On a private network, elasticsearch nodes will automatically discover peers using multicast. Nodes configured with a common cluster name will magically find each other when they boot up and form a cluster. It’s wonderful, magical, and a little scary — elasticsearch nodes will likely be the first to become sentient in a robot uprising.
On AWS and most other clouds, multicast is not allowed. (Rackspace supports broadcast and multicast.) This leaves two options: use unicast discovery and explicitly list out each node in
discovery.zen.ping.unicast.hosts, or use the EC2 discovery method provided by the cloud-aws plugin. The former is fairly brittle due to the dynamic nature of the cloud. The latter uses the EC2 API to enumerate hosts, essentially populating
discovery.zen.ping.unicast.hosts dynamically. This guide does a great job of covering the process, so I won’t go into the details here. Instead, I will try to offer a few tips on the setup process.
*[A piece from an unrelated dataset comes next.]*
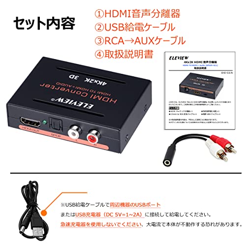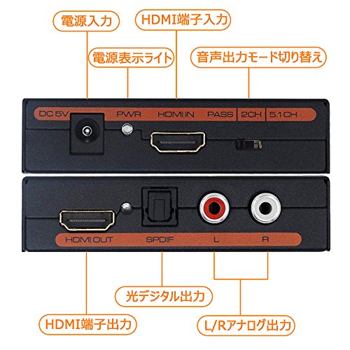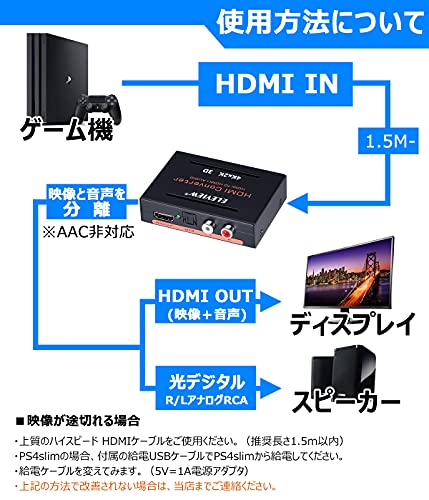 HDMI 音声分離器 4K HDCP1.4 光デジタル R / L白赤アナログ PS4slim / Nintendo Switch / Fire TV Stickなど対応 オプティカル SPDIF デジタルオーディオ分離器 電源不要 バスパワー式

Version 1.7.0 and later of the cloud-aws plugin supports IAM roles. (IAM stands for Identity and Access Management.) IAM roles can be used to grant access to certain APIs and resources in a secure way. First, a role is created and is associated with various permissions. Then, an EC2 instance is launched with a certain role. Applications running on that instance can make an API call to retrieve temporary credentials that will grant access to APIs and resources associated with the role. This negates the need to configure the cloud-aws plugin with a permanent access key and secret key.
As I was new to IAM and the cloud-aws plugin, it took me a while to figure out how everything fit together, how to add an IAM role, what permissions to grant, and how to configure the plugin to use the role.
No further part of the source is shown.